This exercise calls for the data below to be retyped exactly, minus any images.

# Collected data
▬▬▬▬▬▬

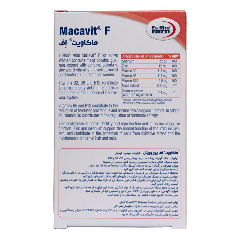 فرآورده طبیعی حاوی گیاهان ماکا و گوارانا، ویتامین B2، ویتامین B6، ویتامین B12، زینک و سلنیوم
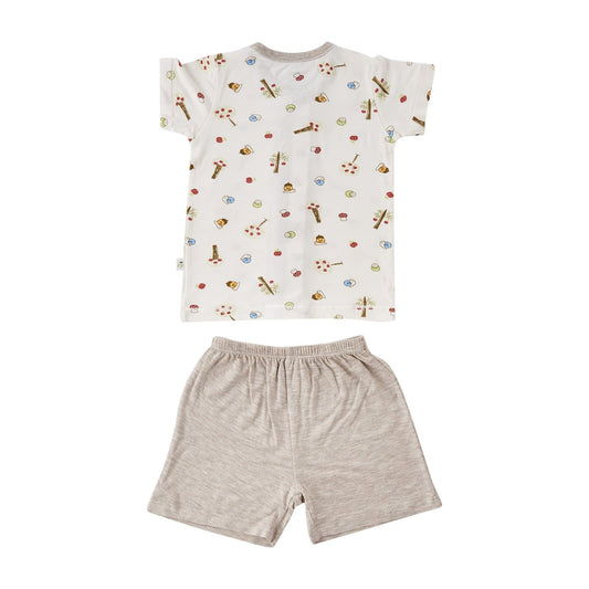 Apples (Khaki) - Baby Short Sleeved Button Vest with Shorts Set
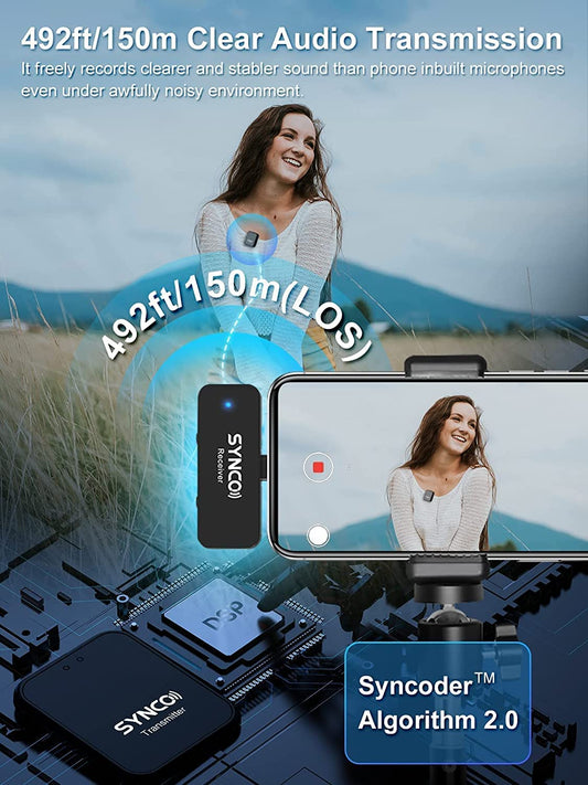 SYNCO Microphone cravate sans fil pour smartphone de type C, micro à revers G1T 2,4 GHz avec micro pare-brise pour Android, micro à clipser Plug & Play pour Youtube Vlog Tiktok Interview vidéo Wireless-Go-Mic

▬▬▬▬▬▬

# Problem solution
 فرآورده طبیعی حاوی گیاهان ماکا و گوارانا، ویتامین B2، ویتامین B6، ویتامین B12، زینک و سلنیوم
 Apples (Khaki) - Baby Short Sleeved Button Vest with Shorts Set
 SYNCO Microphone cravate sans fil pour smartphone de type C, micro à revers G1T 2,4 GHz avec micro pare-brise pour Android, micro à clipser Plug & Play pour Youtube Vlog Tiktok Interview vidéo Wireless-Go-Mic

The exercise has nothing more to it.